Orthocell has completed pre-clinical studies with autologous tenocyte implantation, whereas the CellGro scaffold is still in development and about to move into the prototype stage.

The company also recently received ethics committee approval and now has the go-ahead from the Therapeutic Goods Administration to conduct initial Phase I clinical trials for safety and tolerability of percutaneously inserted ATI. That clinical study will be undertaken at Sir Charles Gairdner Hospital, which is one of the major tertiary teaching institutions in Western Australia.

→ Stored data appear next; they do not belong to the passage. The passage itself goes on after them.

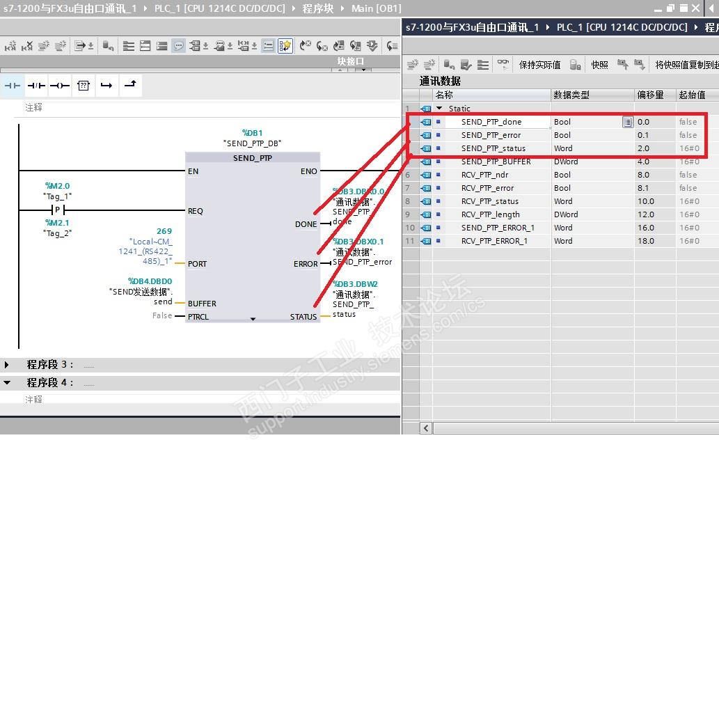 西门子S7-1214C + CM1241组成的扩展RS422/485口,与三菱FX3U – 485-DB扩展通讯板建立自由口通讯,其中: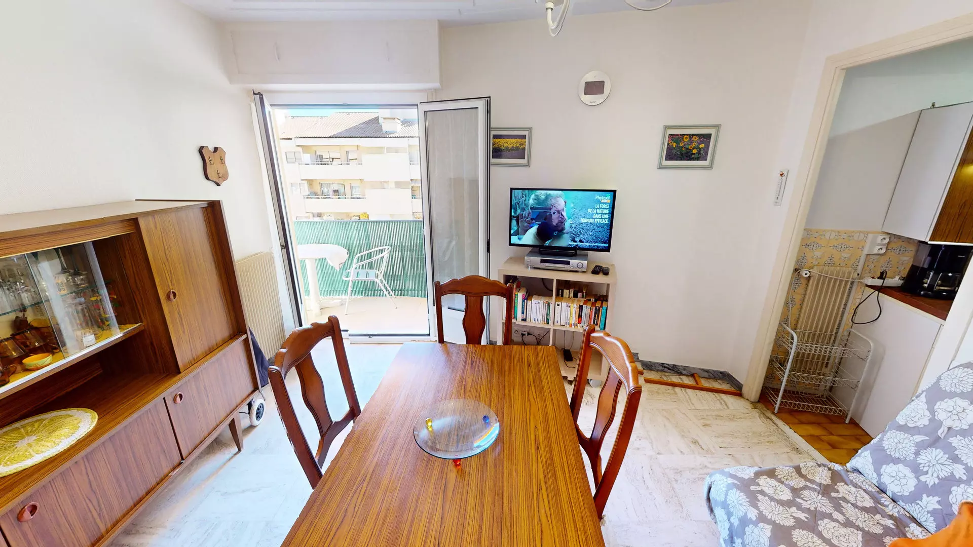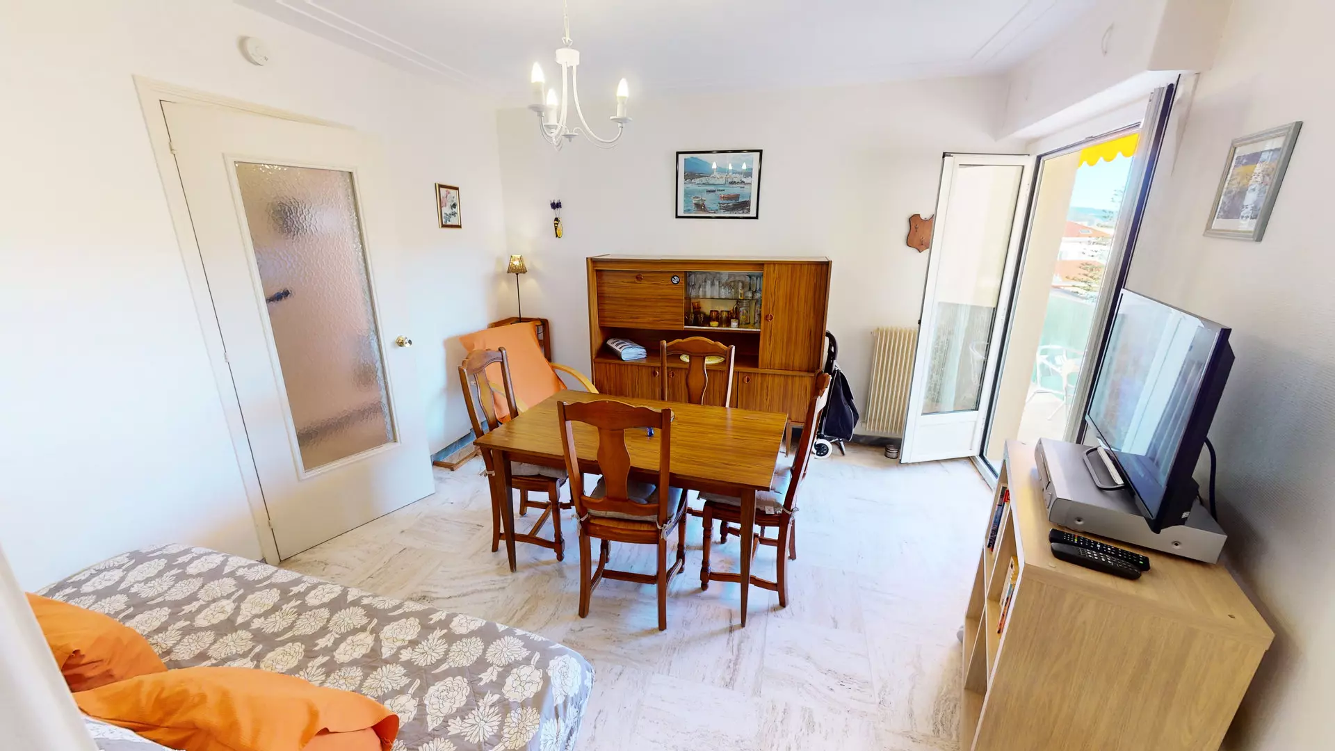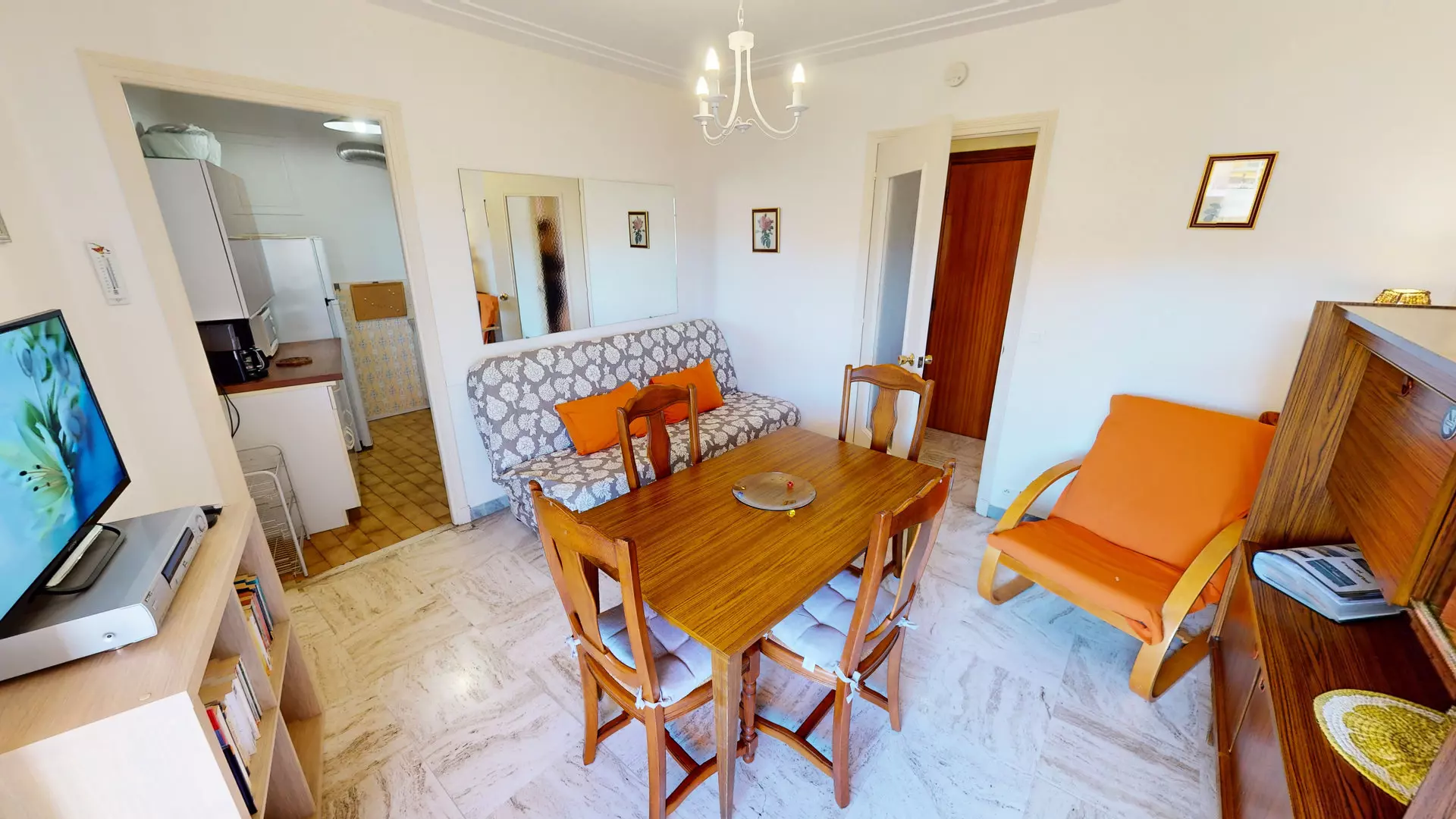 Séjour avec canapé lit 140x190cm et TV.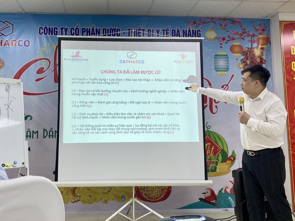 Ngày 07/06/2022 vừa qua, Công ty Cổ phần Dược – Thiết bị y tế Đà Nẵng ( Dapharco) đã tổ chức khóa đào tạo “Kỹ năng tạo động lực” cho các quản lý, nhân viên tài năng của công ty tại Phòng Đào tạo – Công ty Dapharco với sự giảng dạy nhiệt tình của giảng viên Tiến sĩ Hoàng Trung Dũng – Thành viên HĐQT công ty.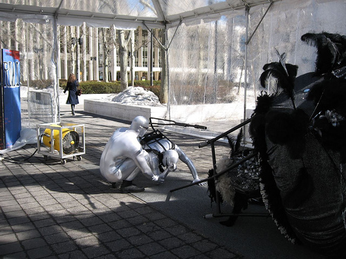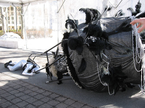 The highlight of our weekend was home-townie Gabe Martinez, who delivered a performance piece that broke my heart (presented by Samson Projects). The biggest surprise was the figure in the piece turned out to be a real human being. Well, two real human beings, taking turns, spelling one another from the torture of lying totally still on the cold, cold ground in silver athletic suits as thin and clingy as saran wrap.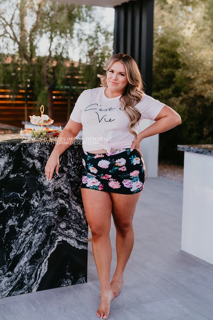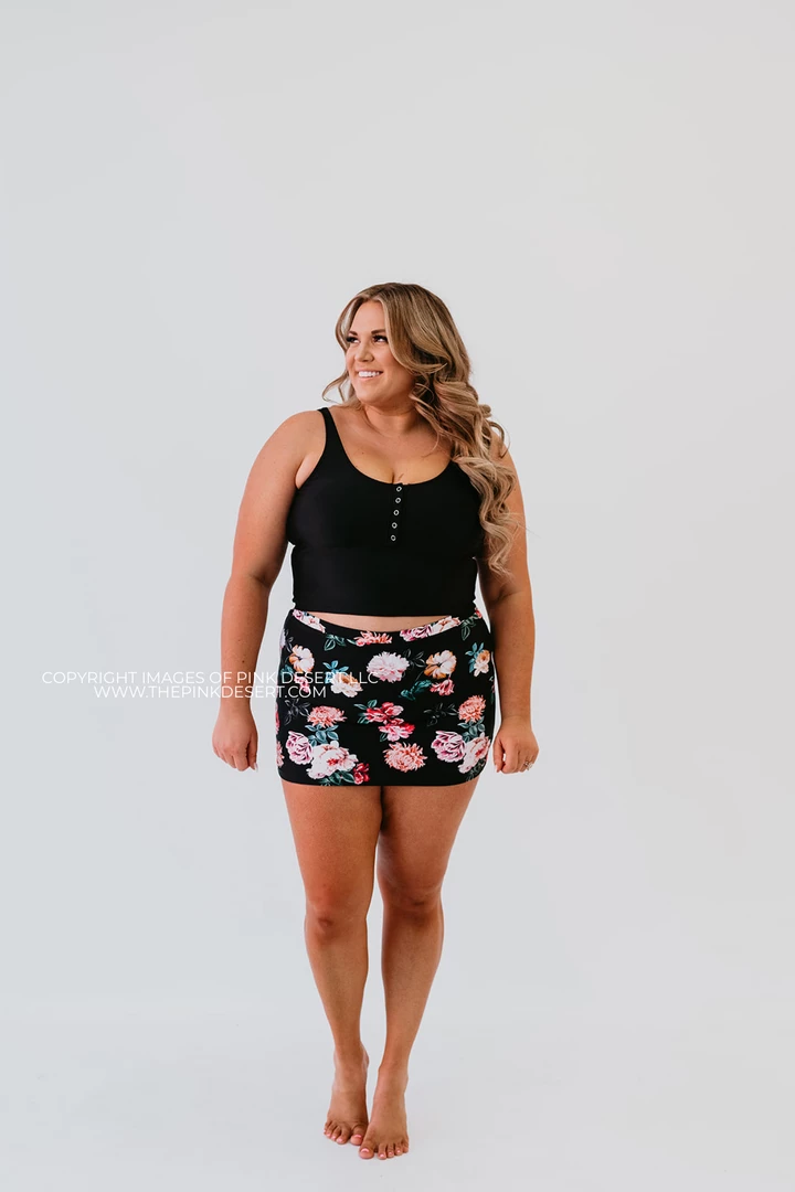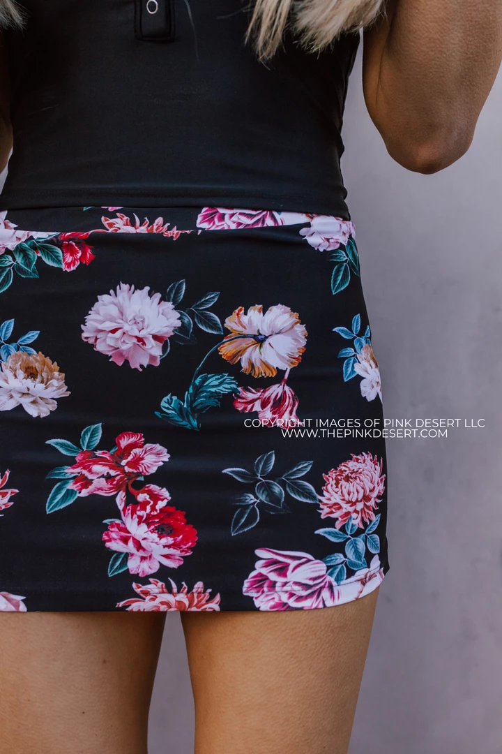 Looking for stylish full coverage bottoms?! Sit poolside in this black floral printed swim skirt that comes with built-in swim shorts. Adds that extra length you’ve been looking for!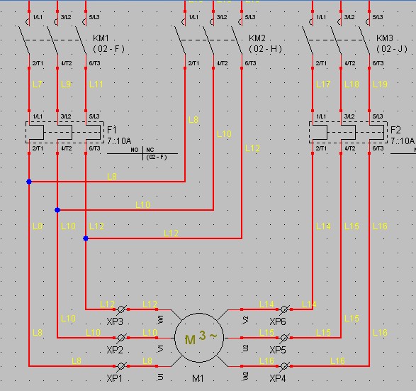 M1 est placé vers l’extérieur et F1 est placé vers l’intérieur de la platine car F1-2/T1 est plus proche de la borne XP1 sur le schéma que KM2-2/T1. Pour privilégier KM2 au détriment de F1 il faut placer la borne XP1 de manière à la rapprocher de KM2.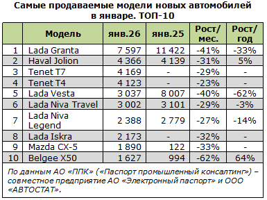 В рейтинге самых востребованных моделей две первые позиции неизменны с августа прошлого года, даже несмотря на сокрушительное падение продаж в начале года. Собственно, пали все, ибо треть месяца никто не работал, подобная картина наблюдается каждый год. Почему-то наиболее заметно просел белорусский «китаец» Belgee X50, едва втиснувшийся в ТОП-10, хотя ещё в сентябре он был четвёртым. В том месяце в десятке лидеров был ещё и «собрат» Belgee X70, но в декабре он тихо ушёл во вторую десятку рейтинга продаж – и пока не вернулся.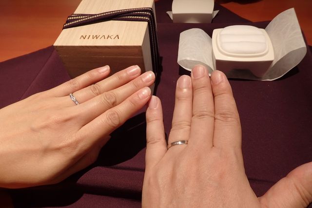もともとハーフエタニティで考えており、ありとあらゆるお店で試着をしてみたのですが、ストレートラインじゃない個性的なラインに惹かれました。普通じゃ物足りない自分にはぴったりだと思い、散々ほかを見たのは、「やっぱりこれだ」と再確認する作業だったと思います。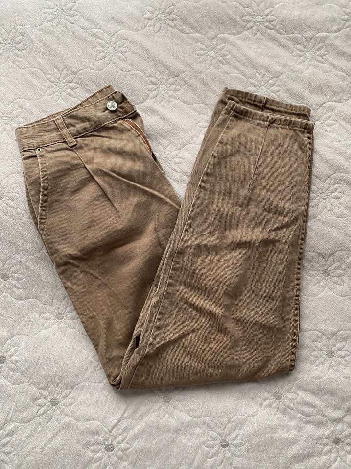 Kahverengi, düğmeli kot kadın pantolon. Mom jean model ama rahat ve bol kesimi ve bilekte boyuyla gündelik kullanıma uygundur. 160 cm boyundayım ve paçası bileğimde. Herhangi bir deformasyonu hasarı yoktur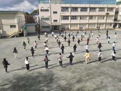 よいお天気の中、校庭での練習が始まりました!

It will be conducted on 15 patients for upwards of a year to assess safety and tolerability, and to see if there’s any evidence of efficacy. Anderson says the company has started the patient recruitment process and expects to be conducting the first implant about the time this article goes to print.

The CellGro scaffold, on the other hand, has a development pathway that’s slightly longer than the ATI pathway. Currently in the process of creating an initial prototype, Anderson says that the company is developing the collagen scaffold with a view to registering it on the Australian register of therapeutic goods, both for use with the company’s own CellGro technology as well as for other potential forms of soft-tissue regeneration.

“As far as I’m aware we’re going to be first in humans globally for this type of treatment,” Anderson says. “I think that is a significant milestone both for the company and the country.”